Радовало и то, что в армию брали кого угодно: и богатых. и бедных, было бы желание служить. Этим она в корне отличалась от сердарской, в которой служили только дети богачей.
Боджнурдские парни, мои одногодки, радостно шумят, смеются, поддевают друг друга, тут же поворачиваются и — на сборный пункт, записываться в курдскую армию. Какой еще дурак даст тебе двадцать три тумана!
Кто-то кричит, что сегодня под выходной день — на сборном Пункте никого нет. А завтра? Тоже никого не будет. Молодежь на время теряет пыл, выходит за ворота, направляется к Садрабаду. Место одних у доски объявлений занимают другие парни, и все повторяется сначала…
Через неделю в Боджнурд, на призывной пункт съехались курдские сыны со всех концов.
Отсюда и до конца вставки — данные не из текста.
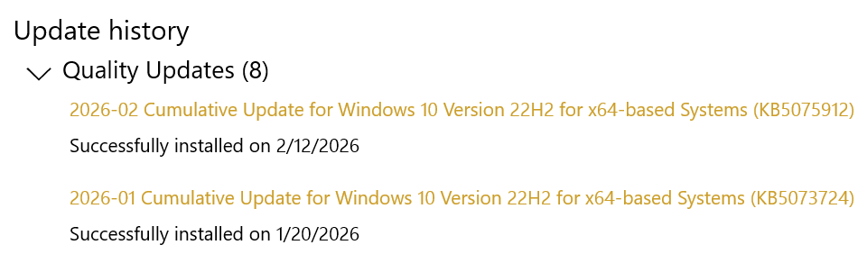 Microsoft points users to the Microsoft Update Catalog for the standalone packages, and the catalog listing shows KB5075912 entries for Windows 10 (including 22H2) dated February 10, 2026.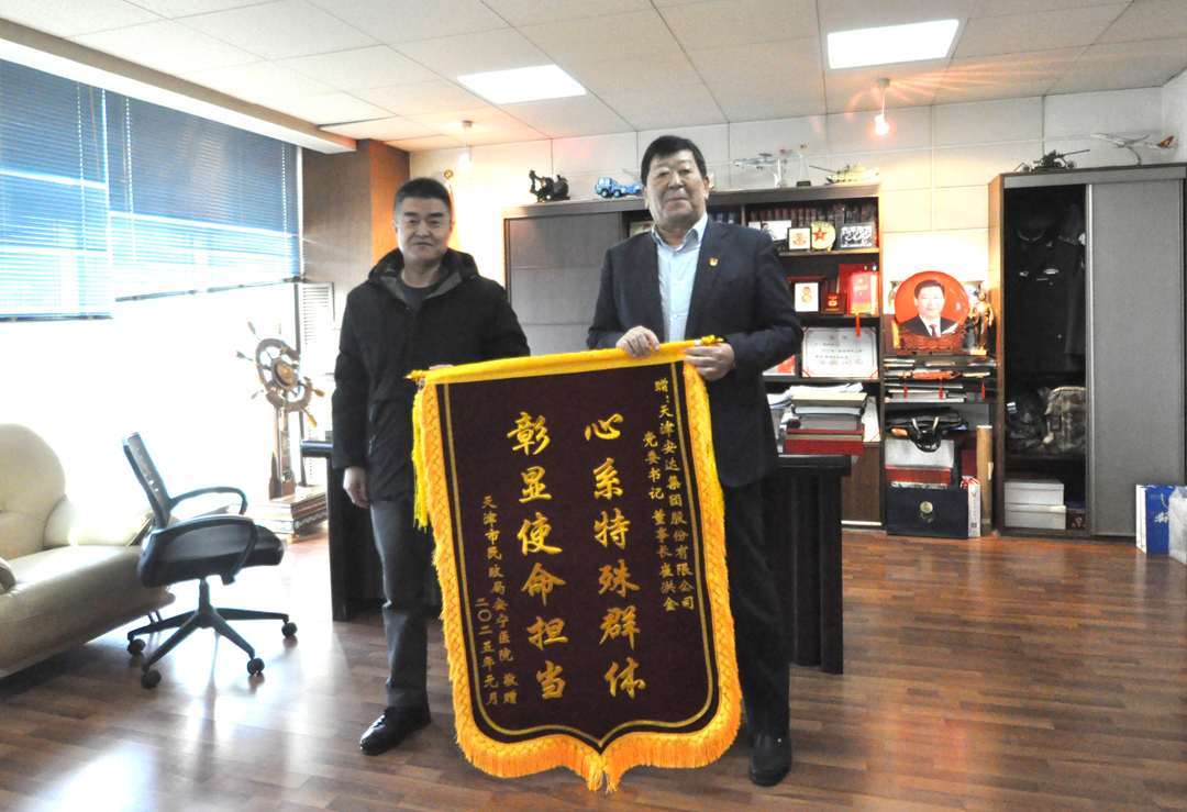 08日2025-01近日,安寧醫院副院長毛瑞軍一行專程來到安達集團,一場溫馨且充滿感恩的會面在此展開。毛院長手持一面繡有“心系特殊群體 彰顯使命擔當”字樣的錦旗,鄭重地遞交到安達集團黨委書記、董事長、天津市楊兆蘭慈善基金會副會長崔洪金手中。毛院長滿懷感激地表示,多年來,安達集團及楊兆蘭慈善基金會始終心系安寧...[查看詳情]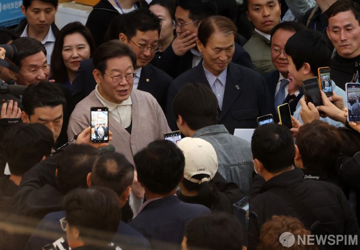 [성주=뉴스핌] 최지환 기자 = '골목골목 경청투어'에 나선 이재명 더불어민주당 대선후보가 9일 오후 경북 성주군 성주전통시장에서 시민들과 인사하고 있다. 2025.05.09 choipix16@newspim.com |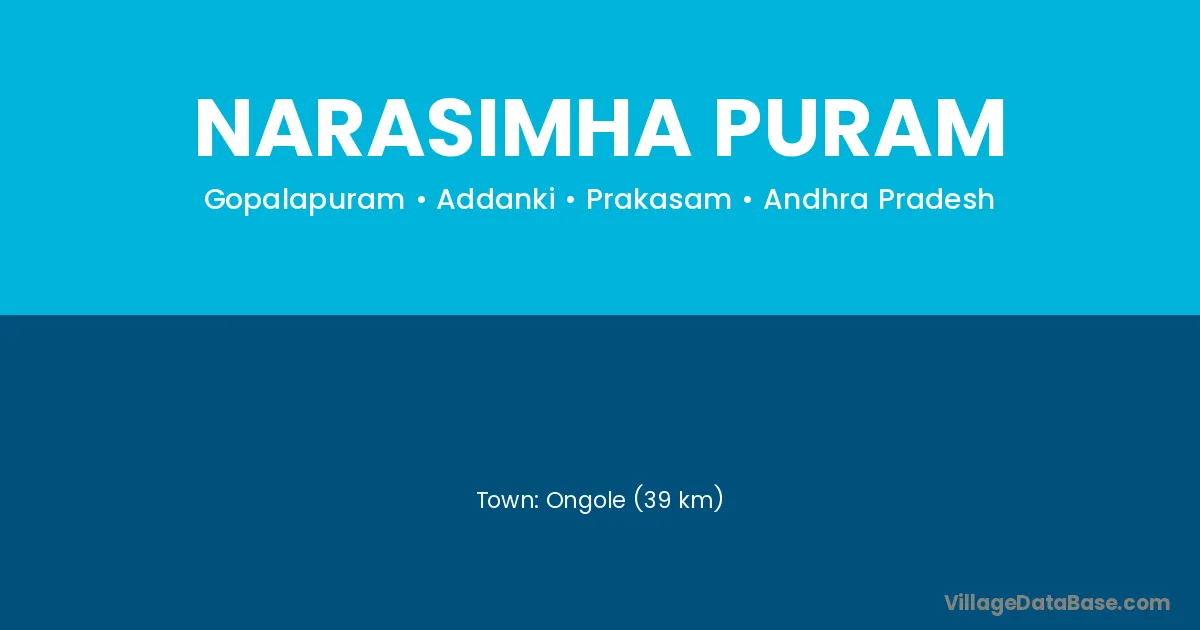 Ongole (39 km) is the nearest town to Narasimha Puram village for major economic activities and is located approximately 39 km away.

Гомон и неразбериха у казенной воинской конторы. Сразу не поймешь — о чем толкуют. Может быть о будущих сражениях, о доблести и чести быть солдатом Шах-ин-шаха? Не тут-то было! Прислушайся внимательно. Слышишь?.. «Двадцать три тумана! Слава аллаху!» Только нужда и голод гонят парней на военную службу.
Двадцать три тумана — большие деньги. Не так уж много уйдет на корм коню и еду для себя. Основное семье. Мать тогда не станет ходить по чужим дворам, стирать чужое белье, да полы кому-то мыть. И сестренки перестанут носить соседские обноски!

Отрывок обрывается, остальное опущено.